#### Work instructions:
Only one stretch of the data below is needed: the line with "報(bào)告期內(nèi)" through the last line. Output it exactly and drop the pictures.

#### Dataset section:

--- START ---

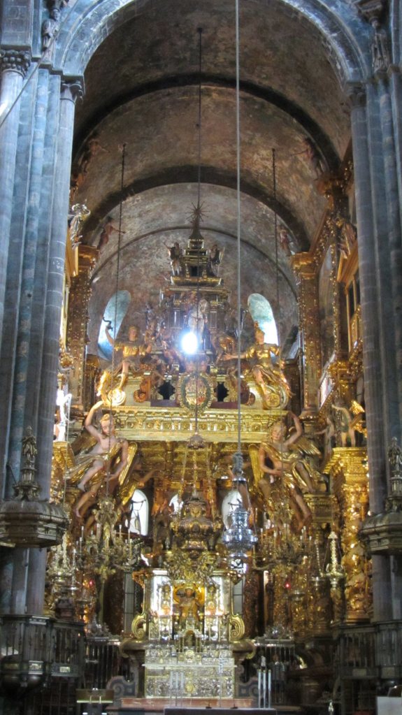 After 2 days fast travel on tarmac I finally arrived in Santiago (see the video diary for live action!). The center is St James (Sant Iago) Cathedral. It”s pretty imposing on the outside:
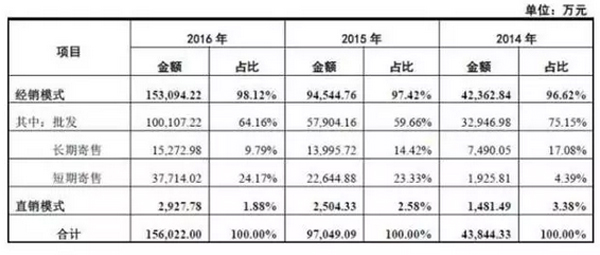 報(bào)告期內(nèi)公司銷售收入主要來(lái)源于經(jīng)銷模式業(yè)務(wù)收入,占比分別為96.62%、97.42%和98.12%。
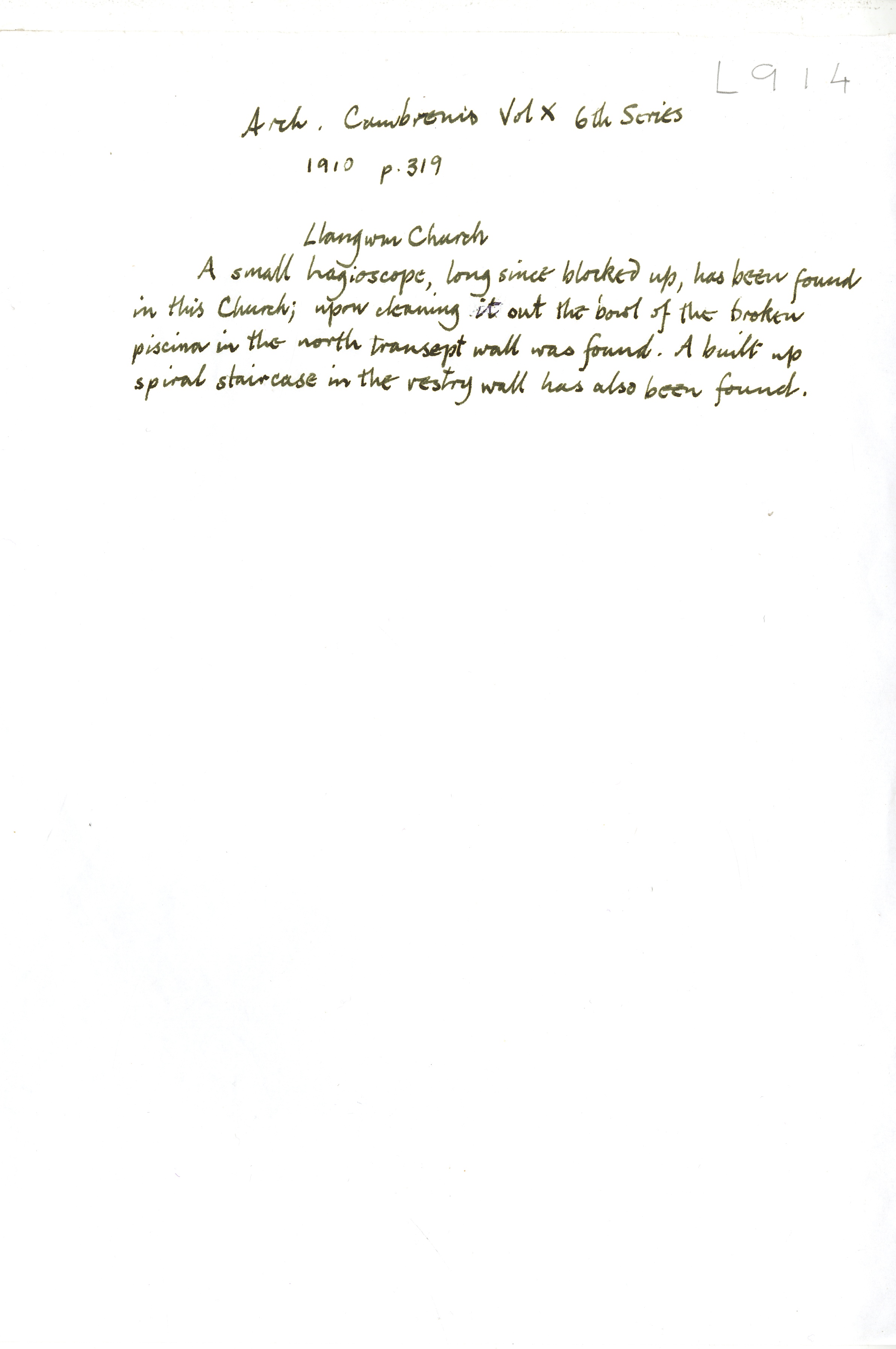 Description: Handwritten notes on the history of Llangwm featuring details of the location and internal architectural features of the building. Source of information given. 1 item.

--- END ---

#### Exercise solution:
 報(bào)告期內(nèi)公司銷售收入主要來(lái)源于經(jīng)銷模式業(yè)務(wù)收入,占比分別為96.62%、97.42%和98.12%。
 Description: Handwritten notes on the history of Llangwm featuring details of the location and internal architectural features of the building. Source of information given. 1 item.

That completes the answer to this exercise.